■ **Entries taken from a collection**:
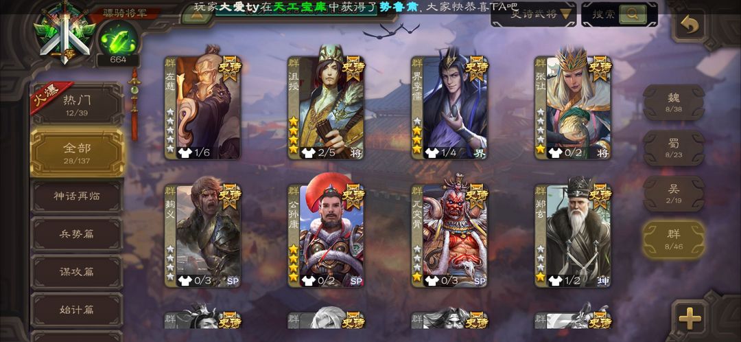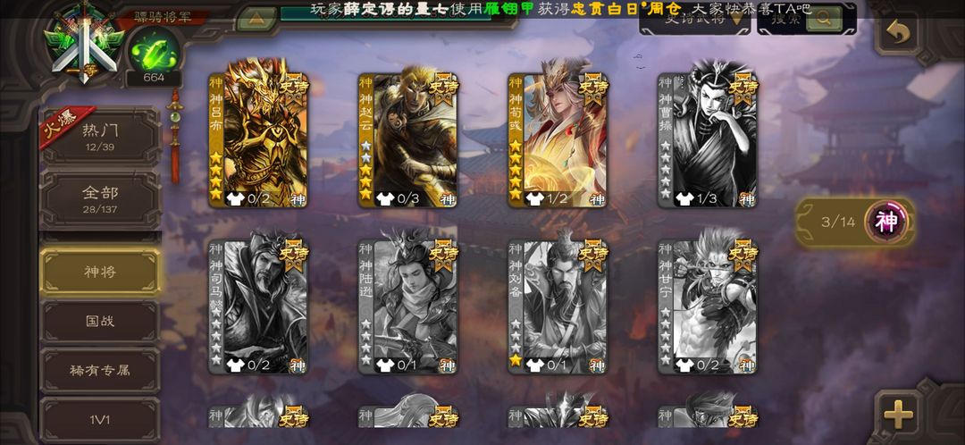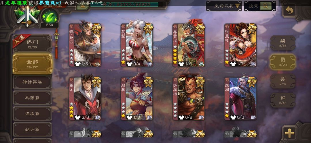 【有卡】动神荀彧 曹髦 文鸯 大宝 郑玄 戏志才 神赵云 界黄忠 沮溲 张让 公孙康 花蔓 谋赵云
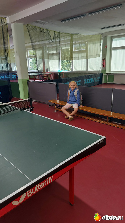 В конце августа записали ее в спортшколу, на настольный теннис. Занятия начались 4-го сентября. Думали, с братом будет ходить, но у него стрельба совсем в другое время. Приходится бегать с коляской, провожать
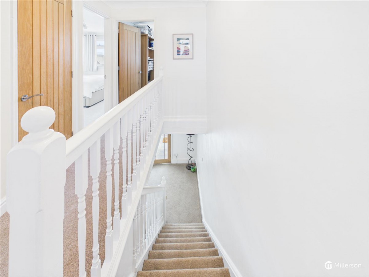Painted, wooden spindles and balustrade. Access to fully boarded loft space. Storage cupboard. Doors off to shower room and bedrooms.
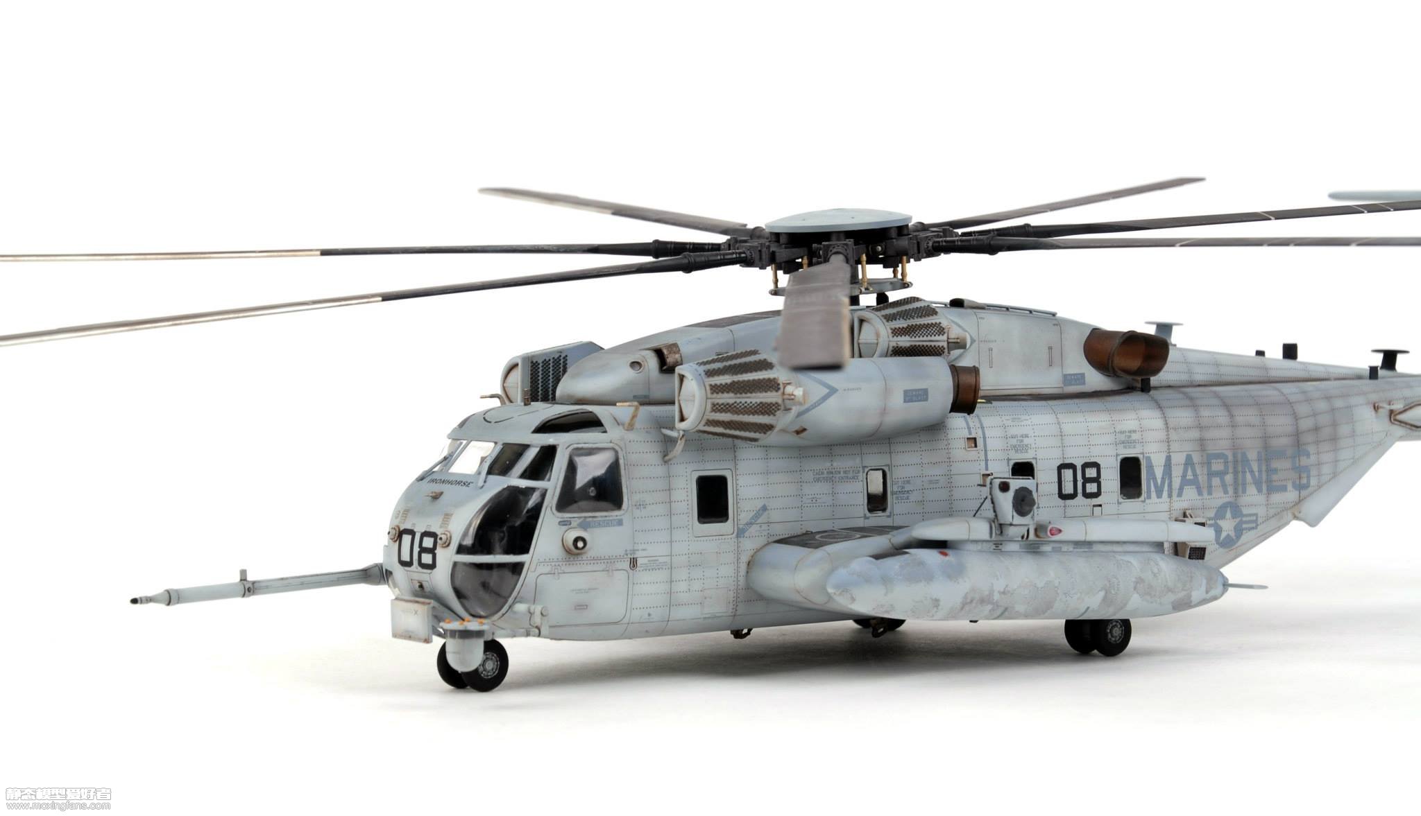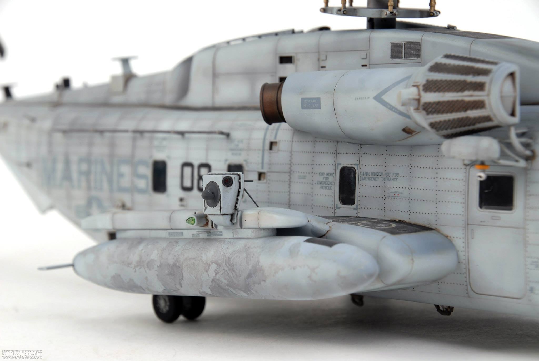 Hong Hwan Jang大师的这件48比例的CH-53E模型作品使用的是爱德美的板件,小编去某宝逛了一圈,这货居然绝版了。。。作为爱德美比较早期的产品,这盒套件也有着些许不足之处,然而在大师的手中,这些都不叫事, 几乎重制了整机的铆钉和刻线,使用Wolfpack的树脂件对原件的细节和错误进行了修正。使用美国海军的标准色进行涂装,对一些部位加强了海水的侵蚀效果,整件作品尽显大师手笔,干净利落!
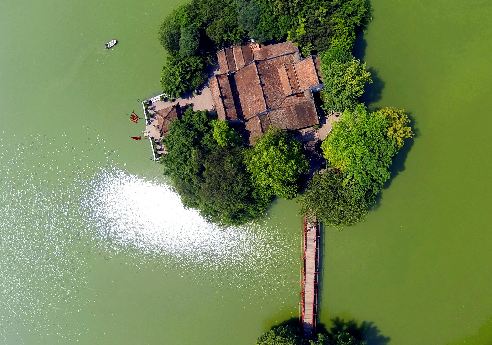 | Ngoài ra, trên hồ còn có đền Ngọc Sơn nằm trên đảo Ngọc Sơn, nối với bờ là cầu Thê Húc cong cong mầu đỏ thắm. |
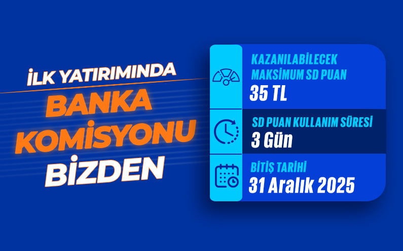 Yeni üyelere ve daha önceden kayıt olup henüz yatırım yapmamış üyelere özel, ilk yapacağın para yatırma işleminde ödediğin banka komisyonu bedeli Son Düzlük’ten hediye!
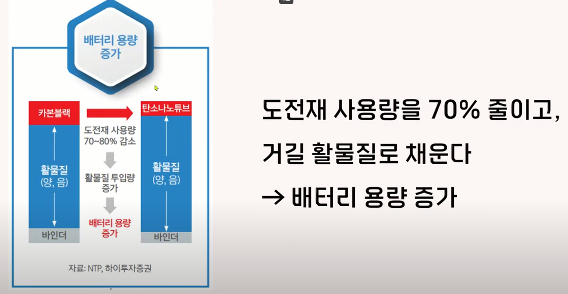 배터리 용량이 어떻게 증가되는지 조금 더 구체적으로 말씀을 드리면 지금은 카본 블랙을 100을 섞어 효율이 나온다면 탄소나노튜브는 30만 섞어도 비슷한 효율이 나온다고 합니다. 그럼 30만 섞었으니까 나머지 70을 양극재나 음극재 소재인 활물질로 채울 수가 있잖아요 이런 원리로 배터리 용량이 커지게 되는 것입니다.
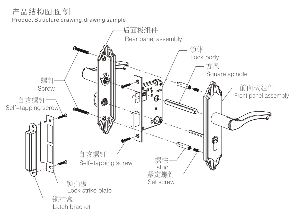 6擰緊螺釘,安裝扣板及扣盒,對齊鎖體,應使鎖舌與之配合順暢,擰緊螺釘(如上圖:H)。
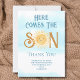 Le carte de remerciements de baby shower de ce mignon garçon comporte le texte "Here Comes The Son" en typographie rétro bleue avec un soleil aquarelle jaune, des nuages et un ciel bleu. Facile à personnaliser. Parce que nous créons notre oeuvre, vous ne trouverez pas cette image exacte d'autres designers. Aquarelle originale © Michele Davies.
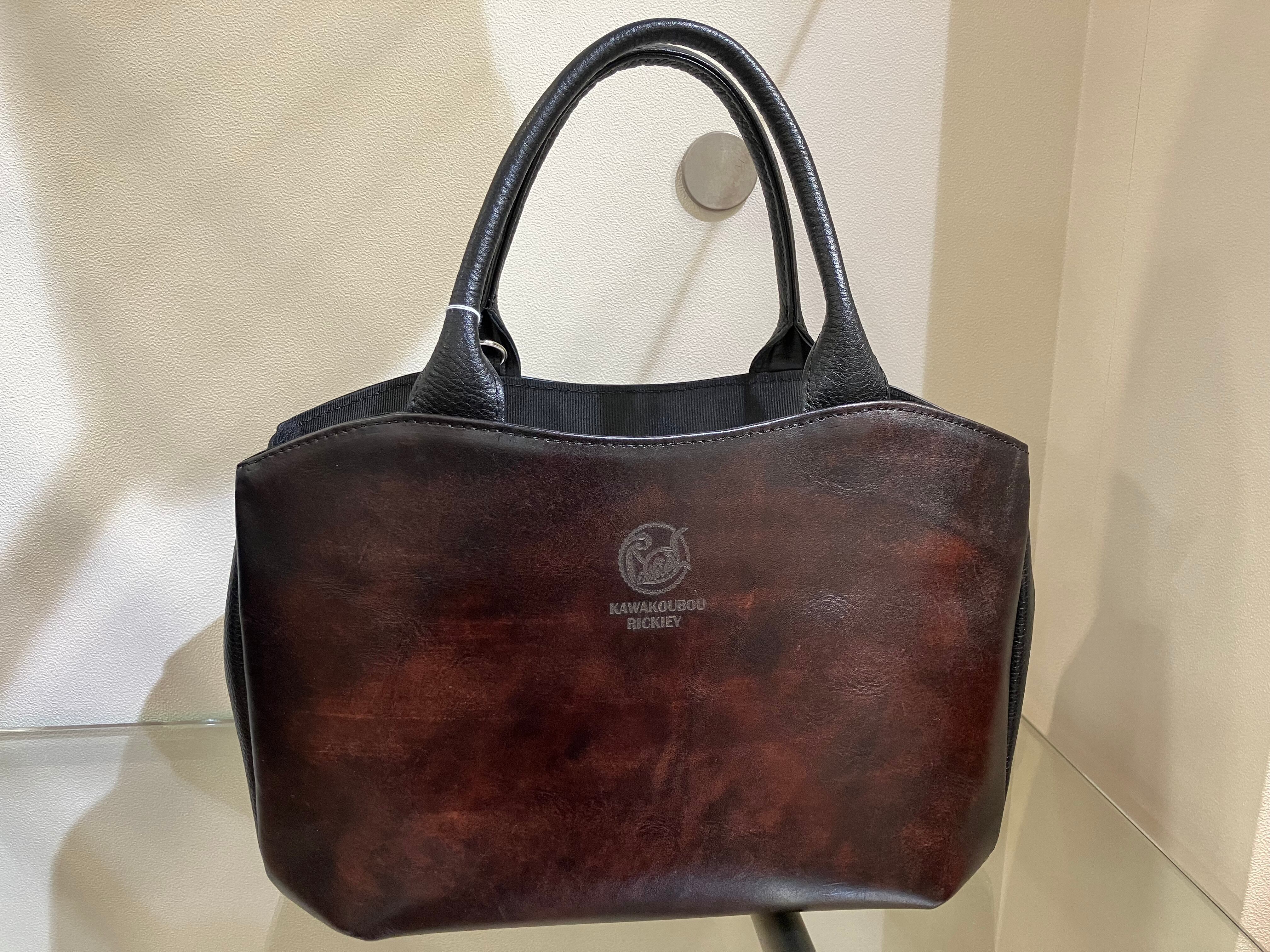 革工房Rickiey[リッキー]独自の染めを手作業でひとつひとつ丁寧に染色した牛革を使用「2WAY丸型トートバッグ(横長)」です。
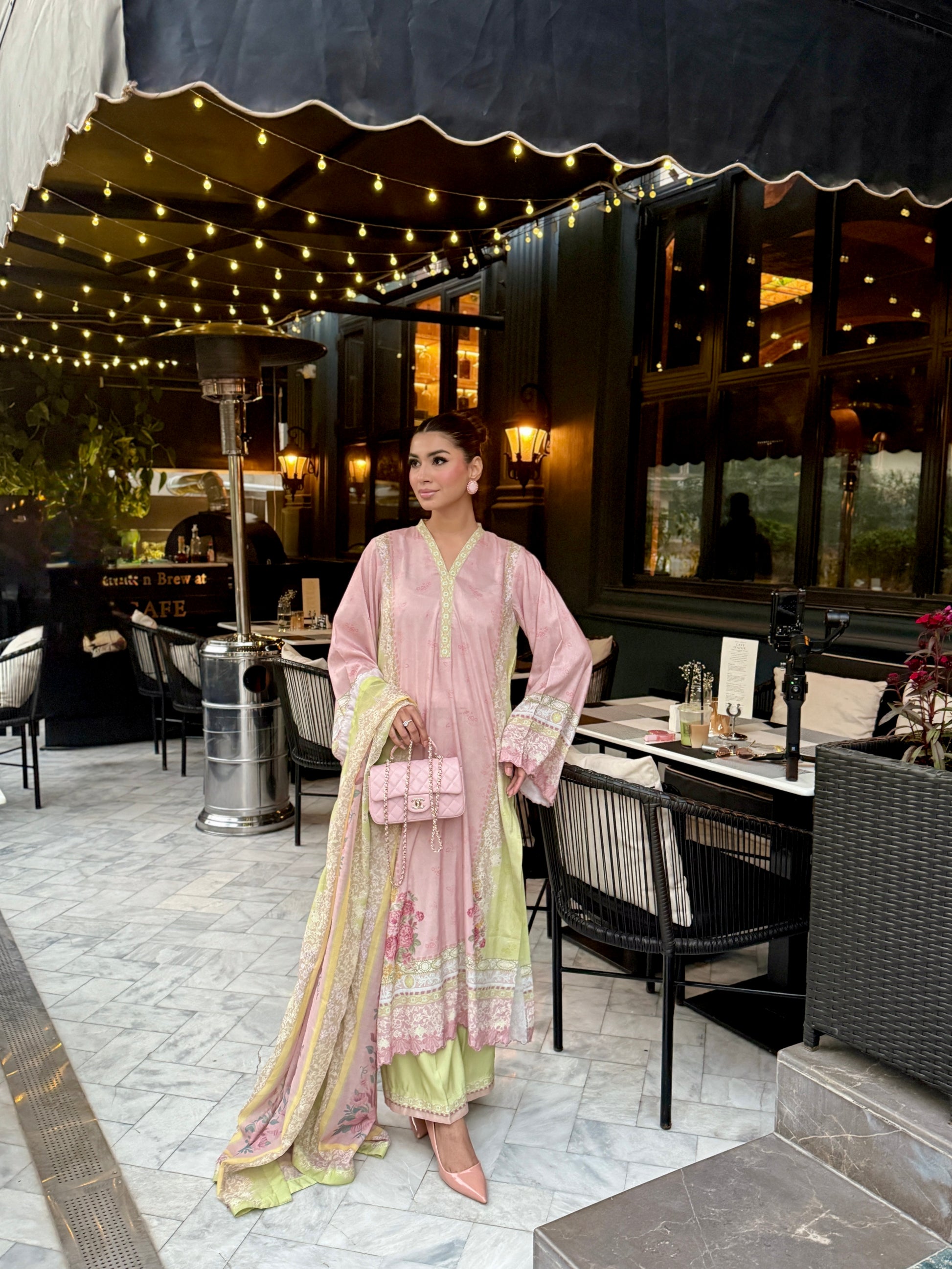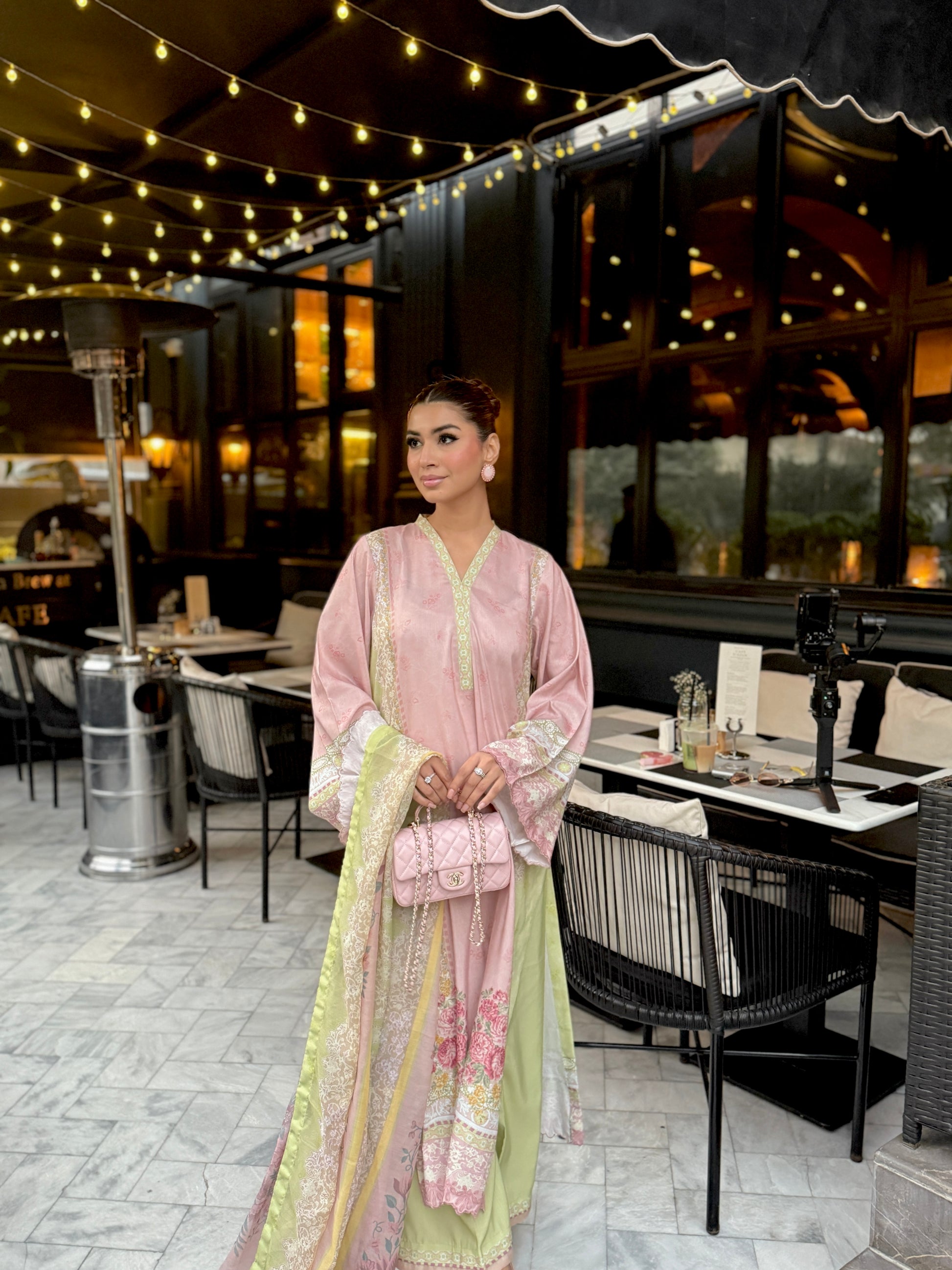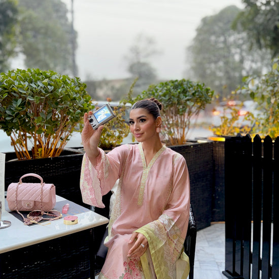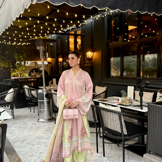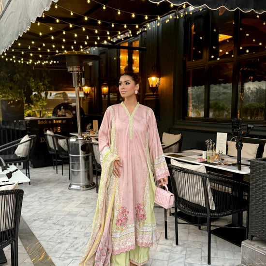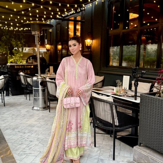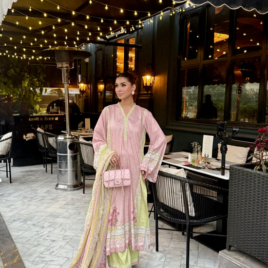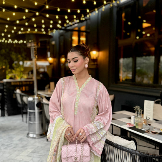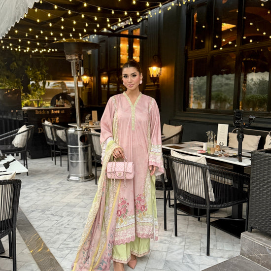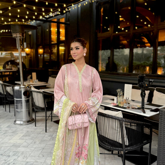 Baby pink and light green outfit with yellow accents, featuring floral prints on the shirt and dupatta. The long shirt has loose sleeves with embroidery on sleeves and Daman, paired with plain trousers having organza detailing, adding a touch of elegance to the outfit.

■ **About this exercise**: If a picture sits between the line containing "mầu đỏ thắm. |" and the line containing "6擰緊螺釘,安裝扣板及扣盒,對齊鎖體,應", leave it out, and return the lines of that range above exactly, both ends included.

■ **The answer**:
 | Ngoài ra, trên hồ còn có đền Ngọc Sơn nằm trên đảo Ngọc Sơn, nối với bờ là cầu Thê Húc cong cong mầu đỏ thắm. |
 Yeni üyelere ve daha önceden kayıt olup henüz yatırım yapmamış üyelere özel, ilk yapacağın para yatırma işleminde ödediğin banka komisyonu bedeli Son Düzlük’ten hediye!
 배터리 용량이 어떻게 증가되는지 조금 더 구체적으로 말씀을 드리면 지금은 카본 블랙을 100을 섞어 효율이 나온다면 탄소나노튜브는 30만 섞어도 비슷한 효율이 나온다고 합니다. 그럼 30만 섞었으니까 나머지 70을 양극재나 음극재 소재인 활물질로 채울 수가 있잖아요 이런 원리로 배터리 용량이 커지게 되는 것입니다.
 6擰緊螺釘,安裝扣板及扣盒,對齊鎖體,應使鎖舌與之配合順暢,擰緊螺釘(如上圖:H)。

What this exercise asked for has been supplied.